Attempting to assign the same value to another variable – which works fine in almost any other programming language – violates the most important rule of the ownership model: “There can only be one” (meaning the owner). Listing 3 illustrates the principle.

fn main() {
    let vec = vec![0, 1, 2]; // Speicher für vec wird hier angelegt
    let another_vec = vec; // Zuweisung
    println!("{:?}", vec); // vec ist nicht mehr Besitzer der Daten
}

Listing 3: Failed attempt to access data that already has another owner

The compiler does not translate the example. At the time when vec would be output on the command line is nice another_vec owner of the created data. The Rust compiler produces an error and a notification message that it’s accessing a value that “has already been moved”—that’s jargon for assignment to another variable.
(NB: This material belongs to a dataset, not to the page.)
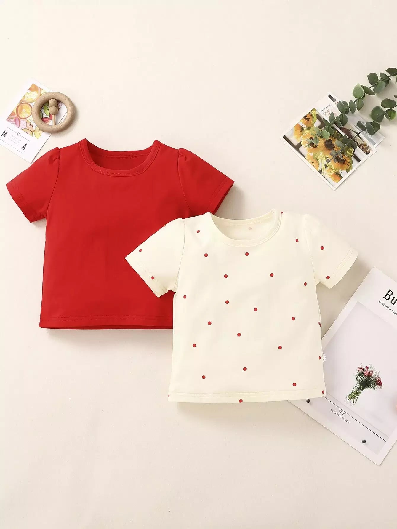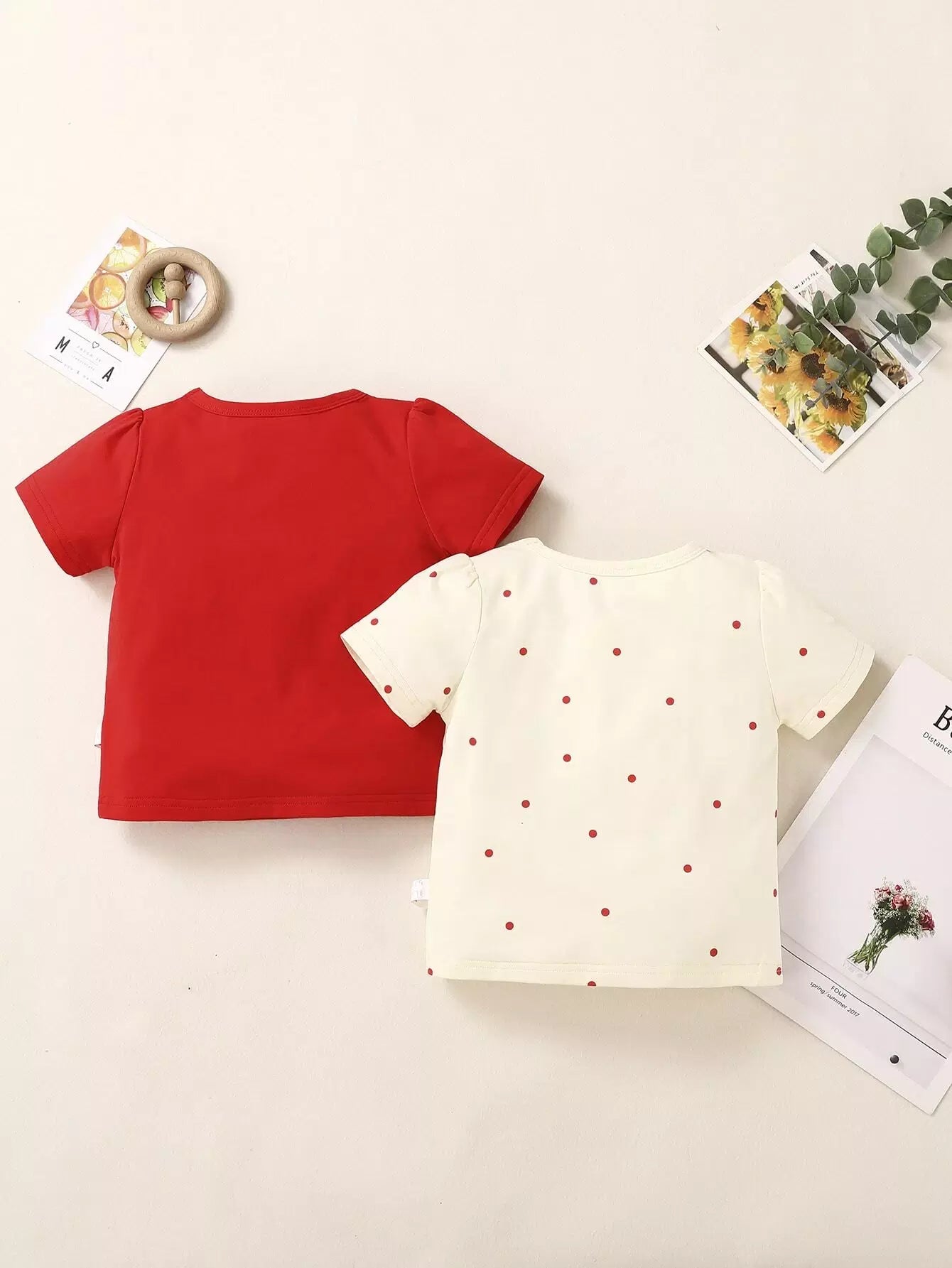 تي شيرت منقّط للطفلة الرضيعة 2 قطعة منقّط

The same principle applies when passing an allocated value to a function that requests ownership in the function signature, as shown in Listing 4:

fn main() {
    let vec = vec![0, 1, 2];
    print_vec(vec);
}

fn print_vec(vec: Vec<i32>) {
    println!("{:?}", vec);
}

Listing 4 The print_vec function requests ownership of the vector

When calling from print_vec Has main the possession of vec submitted to the function. At the end of print_vecfunction – and thus at the end of the execution context – the memory area of ​​​​all values ​​owned by print_vec are. Another call from print_vec With vec would cause a compiler error since the original data has already been destroyed.